Serverless architectures are application designs that incorporate third-party “Backend as a Service” (BaaS) services, and/or that include custom code run in managed, ephemeral containers on a “Functions as a Service” (FaaS) platform. By using these ideas, and related ones like single-page applications, such architectures remove much of the need for a traditional always-on server component. Serverless architectures may benefit from significantly reduced operational cost, complexity, and engineering lead time, at a cost of increased reliance on vendor dependencies and comparatively immature supporting services.
Serverless computing, or more simply Serverless, is a hot topic in the software architecture world. The “Big Three” cloud vendors—Amazon, Google, and Microsoft—are heavily invested in Serverless, and we’ve seen plenty of books, open-source projects, conferences, and software vendors dedicated to the subject. But what is Serverless, and why is (or isn’t) it worth considering? In this article I hope to enlighten you a little on these questions.
What is Serverless?
Like many trends in software, there’s no one clear view of what Serverless is. For starters, it encompasses two different but overlapping areas:
- Serverless was first used to describe applications that significantly or fully incorporate third-party, cloud-hosted applications and services, to manage server-side logic and state. These are typically “rich client” applications—think single-page web apps, or mobile apps—that use the vast ecosystem of cloud-accessible databases (e.g., Parse, Firebase), authentication services (e.g., Auth0, AWS Cognito), and so on. These types of services have been previously described as “(Mobile) Backend as a Service", and I use "BaaS" as shorthand in the rest of this article.
- Serverless can also mean applications where server-side logic is still written by the application developer, but, unlike traditional architectures, it’s run in stateless compute containers that are event-triggered, ephemeral (may only last for one invocation), and fully managed by a third party. One way to think of this is “Functions as a Service” or "FaaS". (Note: The original source for this name—a tweet by @marak—is no longer publicly available.) AWS Lambda is one of the most popular implementations of a Functions-as-a-Service platform at present, but there are many others, too.
This is a massively simplified view, but even here we see a number of significant changes:
- We’ve deleted the authentication logic in the original application and have replaced it with a third-party BaaS service (e.g., Auth0.)
- Using another example of BaaS, we’ve allowed the client direct access to a subset of our database (for product listings), which itself is fully hosted by a third party (e.g., Google Firebase.) We likely have a different security profile for the client accessing the database in this way than for server resources that access the database.

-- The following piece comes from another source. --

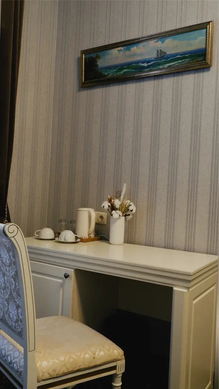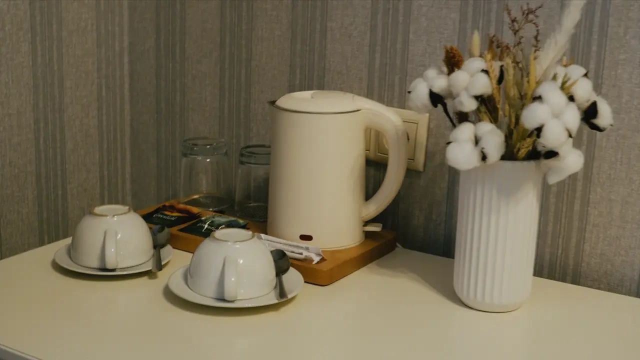 Гостиница предлагает 22 номера различных категорий. В каждом номере: электронный ключ-карта, сейф, кондиционер, телефон, Wi-Fi, холодильник, чайник, ванная комната с душевой кабиной, фен, халат, тапочки, туалетно-косметические принадлежности, утюг.

- These previous two points imply a very important third: some logic that was in the Pet Store server is now within the client—e.g., keeping track of a user session, understanding the UX structure of the application, reading from a database and translating that into a usable view, etc. The client is well on its way to becoming a Single Page Application.
- We may want to keep some UX-related functionality in the server, if, for example, it’s compute intensive or requires access to significant amounts of data. In our pet store, an example is “search.” Instead of having an always-running server, as existed in the original architecture, we can instead implement a FaaS function that responds to HTTP requests via an API gateway (described later). Both the client and the server “search” function read from the same database for product data.
- Finally, we may replace our “purchase” functionality with another separate FaaS function, choosing to keep it on the server side for security reasons, rather than reimplement it in the client. It too is fronted by an API gateway. Breaking up different logical requirements into separately deployed components is a very common approach when using FaaS.
If we choose to use AWS Lambda as our FaaS platform we can port the search code from the original Pet Store server to the new Pet Store Search function without a complete rewrite, since Lambda supports Java and Javascript—our original implementation languages.
Stepping back a little, this example demonstrates another very important point about Serverless architectures. In the original version, all flow, control, and security was managed by the central server application. In the Serverless version there is no central arbiter of these concerns. Instead we see a preference for choreography over orchestration, with each component playing a more architecturally aware role—an idea also common in a microservices approach.
There are many benefits to such an approach. As Sam Newman notes in his Building Microservices book, systems built this way are often “more flexible and amenable to change,” both as a whole and through independent updates to components; there is better division of concerns; and there are also some fascinating cost benefits, a point that Gojko Adzic discusses in this excellent talk.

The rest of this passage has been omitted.